Chet Kozel

Profile
- Position: Tackle

Personal information
- Born: October 15, 1919 Kenosha, Wisconsin, U.S.
- Died: June 27, 1982 (aged 62) Kenosha, Wisconsin, U.S.
- Listed height: 6 ft 2 in (1.88 m)
- Listed weight: 211 lb (96 kg)

Career information
- College: Ole Miss (1938-1941)

Career history
- Buffalo Bills (1947-1948); Chicago Rockets (1948);

Career statistics
- Games played: 17
- Stats at Pro Football Reference

= Chet Kozel =

American football player (1919–1982)

Chester R. Kozel (October 15, 1919 – June 27, 1982) was an American football lineman. He played college football for Ole Miss (1938–1941) and professional football for the Buffalo Bills (1947–1948) and Chicago Rockets (1948).

==Early life==
Kozel was born in 1919 in Kenosha, Wisconsin, and attended Kenosha High School. In 1938, Kozel enrolled at the University of Wisconsin. He transferred in 1939 to the University of Mississippi. Kozel played at the tackle position for the Ole Miss Rebels football team from 1939 to 1941. He received a bachelor's degree in physical education from Ole Miss.

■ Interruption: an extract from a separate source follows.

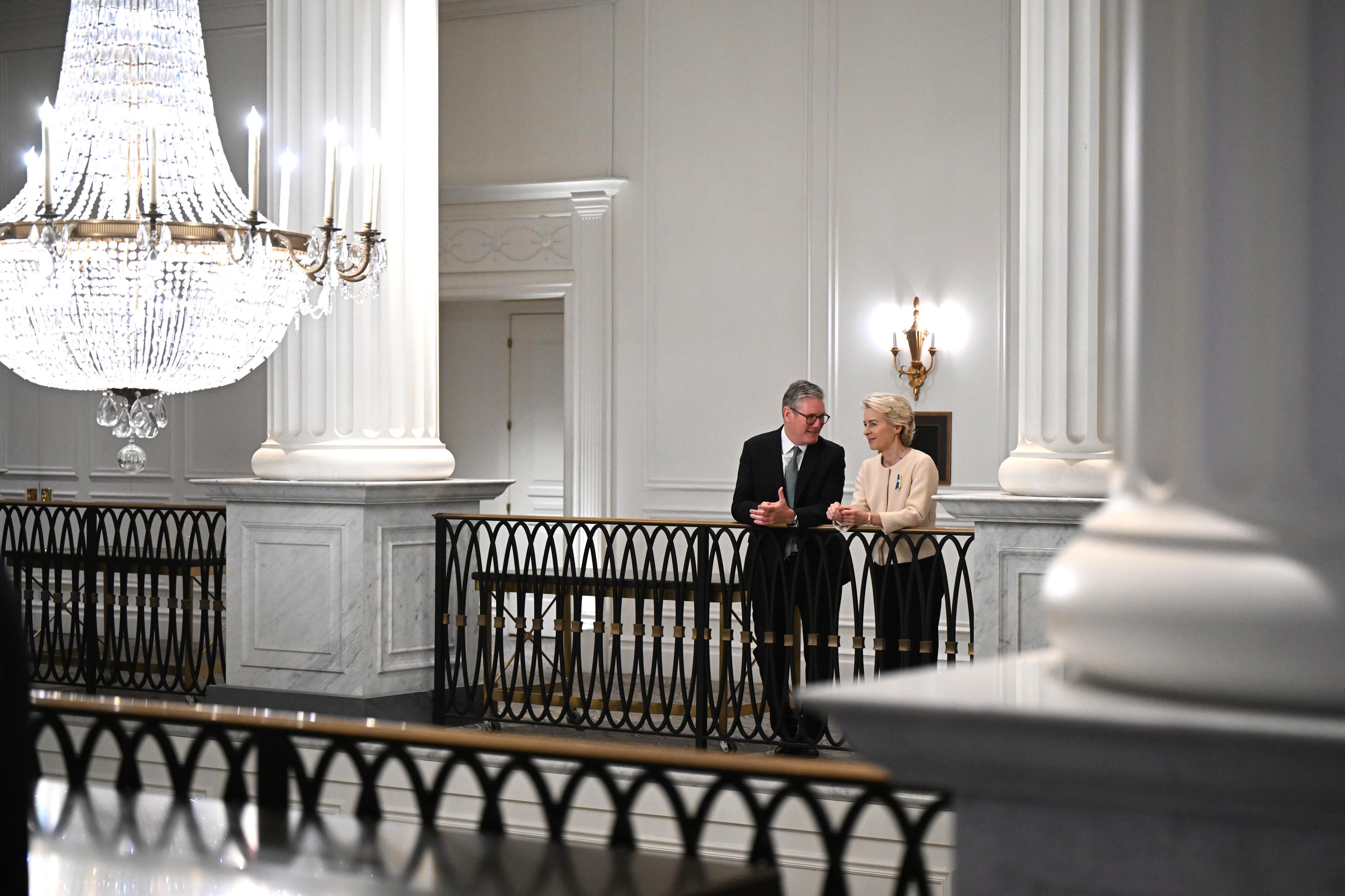 Britain's Prime Minister Keir Starmer (L) speaks President of the European Commission Ursula von der Leyen (R) on the sidelines of the 79th Session of the United Nations General Assembly at the United Nations headquarters in New York City on September 25, 2024. (Photo by Leon Neal/Pool via AFP Photo)

Kozel served in the United States Marine Corps during World War II. His brother Walter was killed while serving in the Army during the war.

==Professional football==
In March 1947, while on terminal leave from the Marines, Kozel signed a contract to play professional football for the Buffalo Bills of the All-America Football Conference (AAFC). He played for the Bills as a tackle for the during the 1947 season and first part of the 1948 season. During the 1948 season, the Bills sold Kozel to the Chicago Rockets (1948). He appeared in 17 AAFC games, seven as a starter.

==Later life==
Kozel was hired in 1951 as a teacher in the physical education department at his alma mater, Kenosha High School. In 1962, his car struck a passenger train traveling 90 miles per hour and was thrown 60 feet into a ditch; Kozel refused hospitalization for his injuries. He died in 1982 at age 62 at the Hospitality Manor Nursing Home in Kenosha.